I am trying to run the training of some models in tensorflow 2 object detection api.
I am using this command:
gcloud ai-platform jobs submit training segmentation_maskrcnn_`date +%m_%d_%Y_%H_%M_%S` \
--runtime-version 2.1 \
--python-version 3.7 \
--job-dir=gs://${MODEL_DIR} \
--package-path ./object_detection \
--module-name object_detection.model_main_tf2 \
--region us-central1 \
--scale-tier CUSTOM \
--master-machine-type n1-highcpu-32 \
--master-accelerator count=4,type=nvidia-tesla-p100 \
-- \
--model_dir=gs://${MODEL_DIR} \
--pipeline_config_path=gs://${PIPELINE_CONFIG_PATH}
The training job is submitted successfully but when I look at my submitted job on AI platform I notice that it's not using the GPUs!
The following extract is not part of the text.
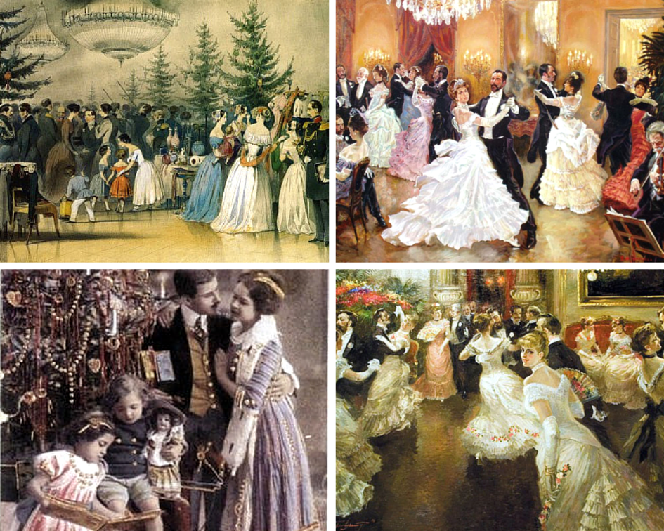 До середины XIX века Новый год отмечали без богатого застолья, ведь главным был праздничный бал. Стол накрывали очень просто даже в домах знати. Чаще всего в меню присутствовали соления, грибы, салат из редьки, отварная в вине форель, жареный поросенок, телячье фрикасе. Как правило, подавали также свежие фрукты: абрикосы, виноград, груши, и даже, апельсины. Зимой их выращивали в оранжереях Петербурга и Москвы, которые тогда вошли в моду.

Also, when looking at the logs for my training job, I noticed that in some cases it couldn't open cuda. It would say something like this:
Could not load dynamic library 'libcudart.so.11.0'; dlerror: libcudart.so.11.0: cannot open shared object file: No such file or directory; LD_LIBRARY_PATH: /usr/local/cuda/extras/CUPTI/lib64:/usr/local/cuda/lib64:/usr/local/nvidia/lib64
I was using AI platform for training a few months back and it was successful. I don't know what has changed now! In fact, for my own setup, nothing has changed.
For the record, I am training Mask RCNN now. A few months back I trained Faster RCNN and SSD models.